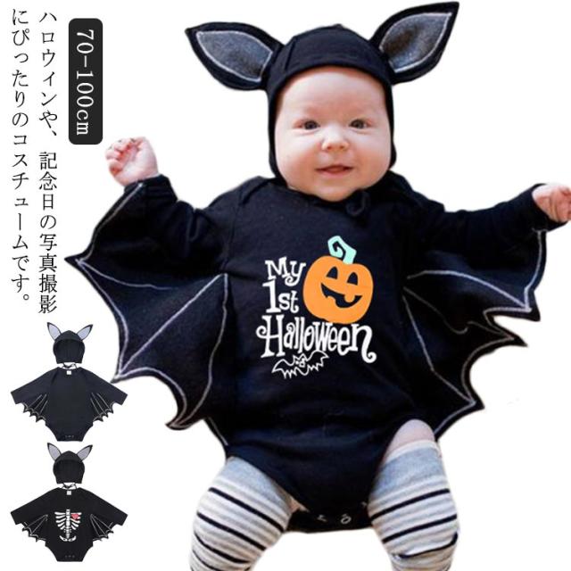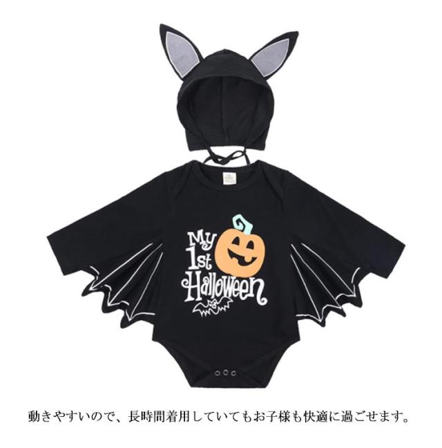子供服 ハロウィン ロンパース 帽子付き マント 仮装 ベビー服 カバーオール 男の子 女の子 新生児 赤ちゃん 可愛い コウモリ 変装 コスプレ衣装 ボディスーツ コスチューム パーティー 記念撮影 Cosplay 送料無料
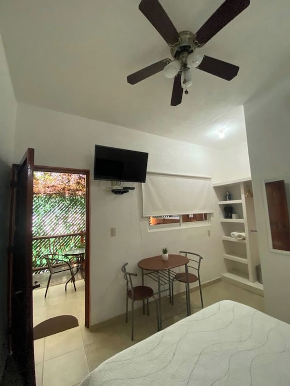 Bahía Suite 1 è una nuova stanza con porta e chiave in legno, ha un letto matrimoniale con il proprio bagno, ha un set di lenzuola, 2 cuscini, Smart tv, TV via cavo, Internet, minibar, piccola sala da pranzo per 2 persone, 2 sedie, aria condizionata, ventilatore a soffitto, armadio, ferro da stiro, ganci per vestiti e asciugamani.
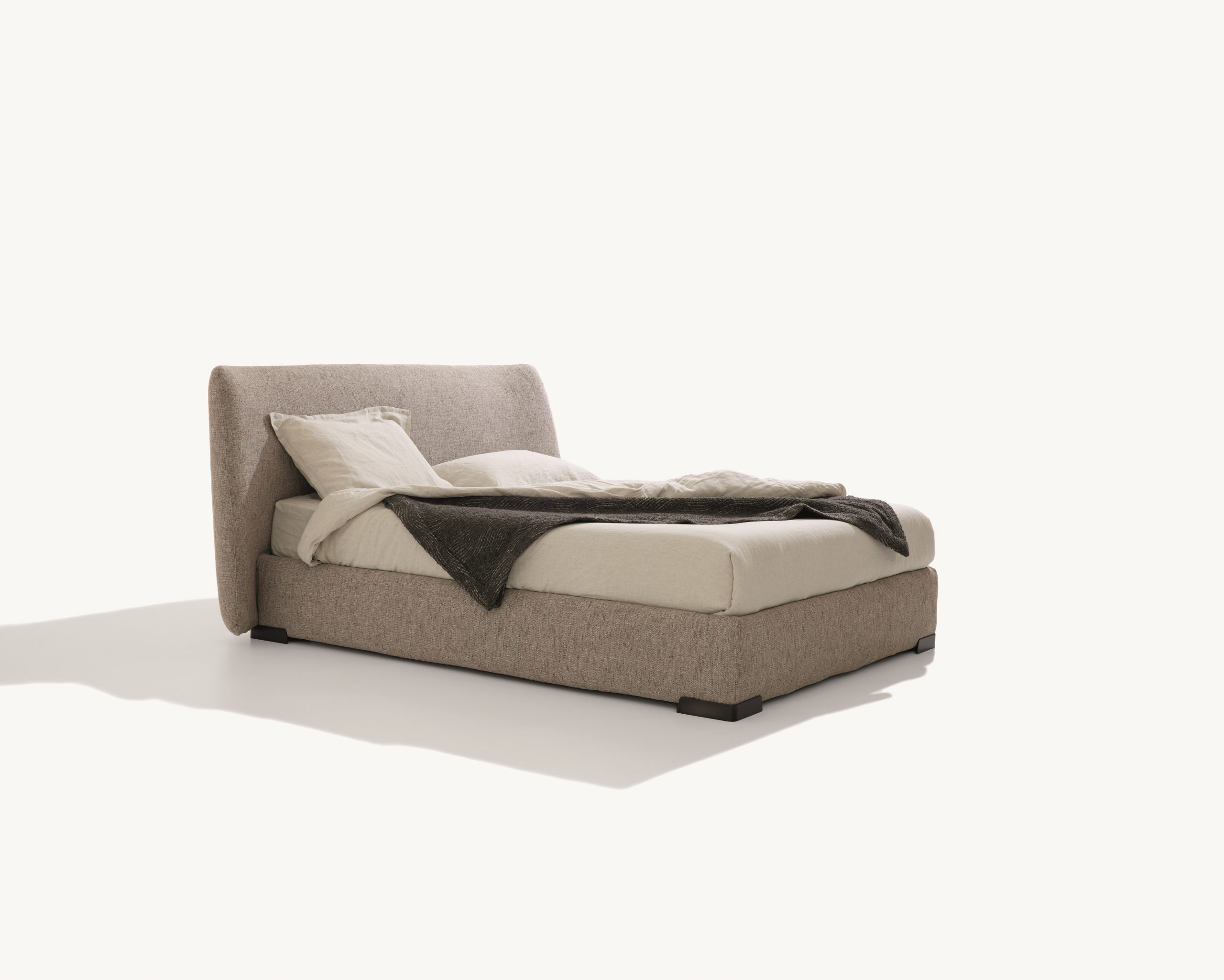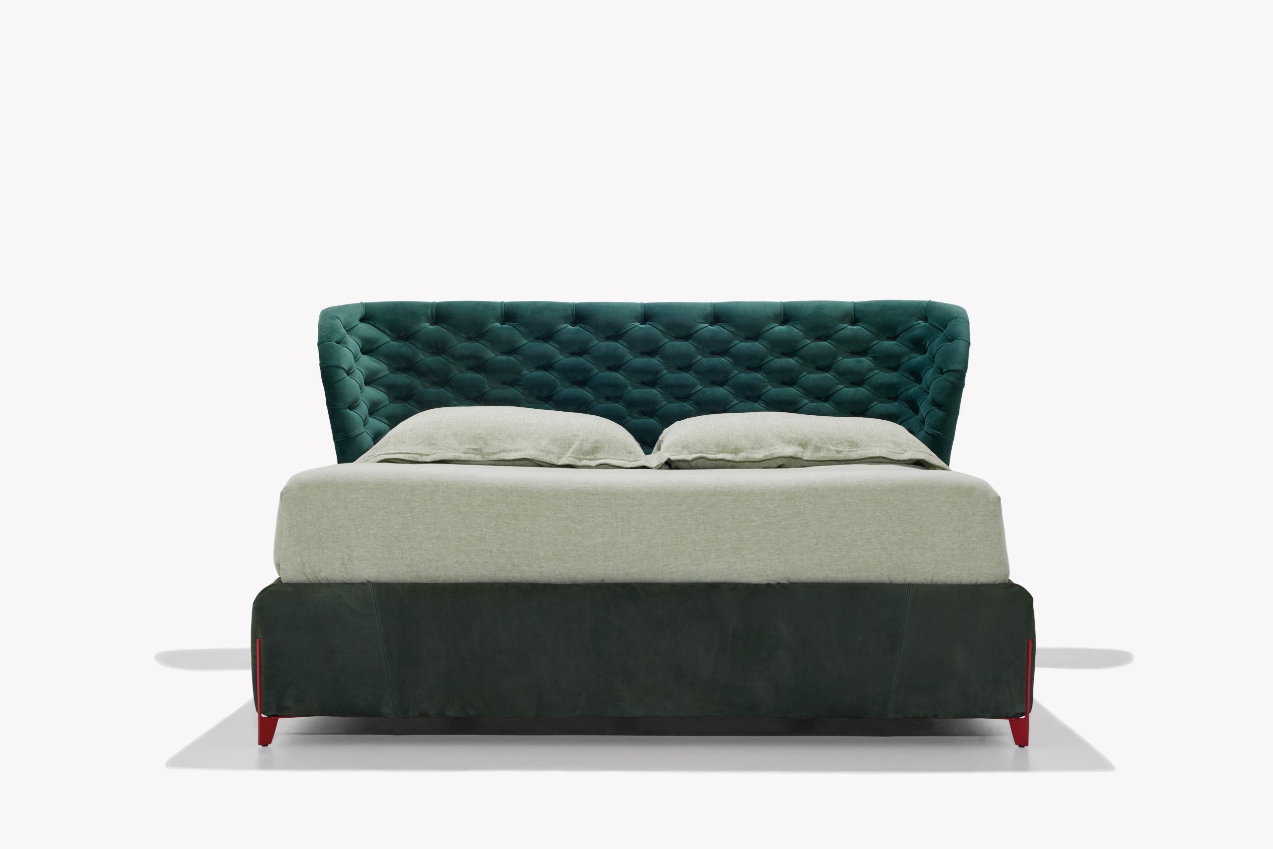 Spostandosi verso un’eleganza che sfida il tempo, incontriamo Culto, un vero manifesto di stile che si impone nella stanza grazie alla sua maestosa testata curva. La sua particolarità risiede nella lavorazione capitonné priva di bottoni, un raffinato motivo a rombi frutto di ben seicento minuti di meticolosa dedizione artigianale che riesce a bilanciare perfettamente tradizione e sensibilità contemporanea. L’esperienza tattile è arricchita da dettagli sartoriali come i profili bicolore e l’impiego di materiali nobili quali lana e pelle, mentre i piedi in metallo con fregi lavorati a laser aggiungono un accento moderno. Disponibile in sei diverse finiture metalliche, dallo champagne al rosso rubino, Culto può integrare anche una pratica base contenitore, unendo così una scenografica presenza estetica alla massima funzionalità.
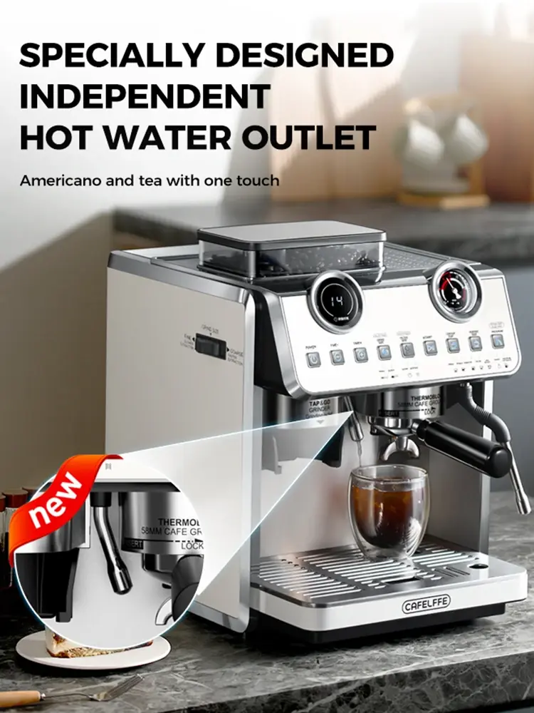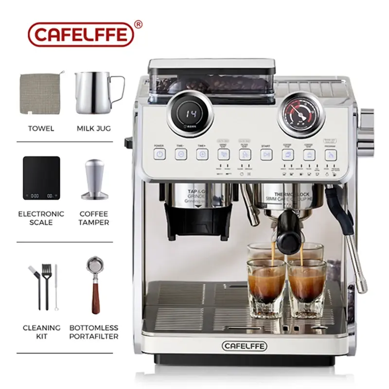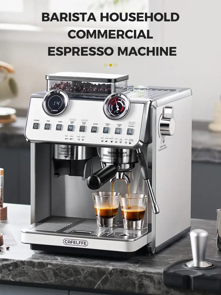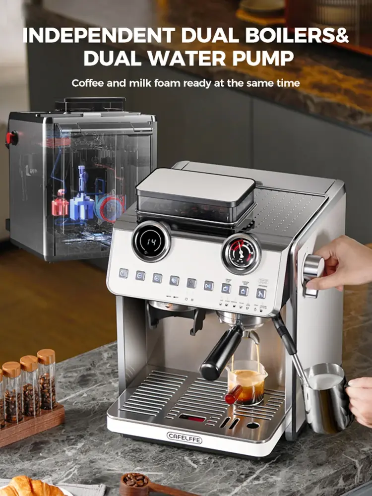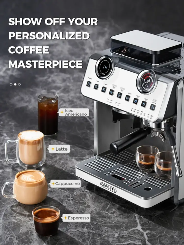 استمتع بتحضير إسبرسو احترافي مع Cafelffe Barista Pro من متجر سرح. ماكينة بضغط 20 بار، نظام المرجل المزدوج، إعداد قهوة من الحبوب مباشرة، مع خاصية التنظيف الذاتي وتحضير أمريكانو بضغطة واحدة.
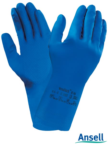 Rękawice ochronne AlphaTec® 87-195- wykonane z lateksu- wewnętrzna powierzchnia rękawic pokryta jest bawełną flokowaną, co ułatwia wkładanie i zdejmowanie oraz zapobiega poceniu się rąk w czasie użytkowania- specjalna obróbka celem zmniejszenia ryzyka reakcji alergicznych- powleczenie w kształcie rybiej łuski na części chwytnej zapewnia doskonałą chwytność- dopuszczone do kontaktu z żywnością- znajdują zastosowanie przy przetwarzaniu mięsa, ryb, owoców, warzyw oraz przy pracach porządkowych

--------

- _WHAT NEEDS TO BE DONE_
Transcribe every entry word for word, excluding images.

- _EXERCISE SOLUTION_
子供服 ハロウィン ロンパース 帽子付き マント 仮装 ベビー服 カバーオール 男の子 女の子 新生児 赤ちゃん 可愛い コウモリ 変装 コスプレ衣装 ボディスーツ コスチューム パーティー 記念撮影 Cosplay 送料無料
 Bahía Suite 1 è una nuova stanza con porta e chiave in legno, ha un letto matrimoniale con il proprio bagno, ha un set di lenzuola, 2 cuscini, Smart tv, TV via cavo, Internet, minibar, piccola sala da pranzo per 2 persone, 2 sedie, aria condizionata, ventilatore a soffitto, armadio, ferro da stiro, ganci per vestiti e asciugamani.
 Spostandosi verso un’eleganza che sfida il tempo, incontriamo Culto, un vero manifesto di stile che si impone nella stanza grazie alla sua maestosa testata curva. La sua particolarità risiede nella lavorazione capitonné priva di bottoni, un raffinato motivo a rombi frutto di ben seicento minuti di meticolosa dedizione artigianale che riesce a bilanciare perfettamente tradizione e sensibilità contemporanea. L’esperienza tattile è arricchita da dettagli sartoriali come i profili bicolore e l’impiego di materiali nobili quali lana e pelle, mentre i piedi in metallo con fregi lavorati a laser aggiungono un accento moderno. Disponibile in sei diverse finiture metalliche, dallo champagne al rosso rubino, Culto può integrare anche una pratica base contenitore, unendo così una scenografica presenza estetica alla massima funzionalità.
 استمتع بتحضير إسبرسو احترافي مع Cafelffe Barista Pro من متجر سرح. ماكينة بضغط 20 بار، نظام المرجل المزدوج، إعداد قهوة من الحبوب مباشرة، مع خاصية التنظيف الذاتي وتحضير أمريكانو بضغطة واحدة.
 Rękawice ochronne AlphaTec® 87-195- wykonane z lateksu- wewnętrzna powierzchnia rękawic pokryta jest bawełną flokowaną, co ułatwia wkładanie i zdejmowanie oraz zapobiega poceniu się rąk w czasie użytkowania- specjalna obróbka celem zmniejszenia ryzyka reakcji alergicznych- powleczenie w kształcie rybiej łuski na części chwytnej zapewnia doskonałą chwytność- dopuszczone do kontaktu z żywnością- znajdują zastosowanie przy przetwarzaniu mięsa, ryb, owoców, warzyw oraz przy pracach porządkowych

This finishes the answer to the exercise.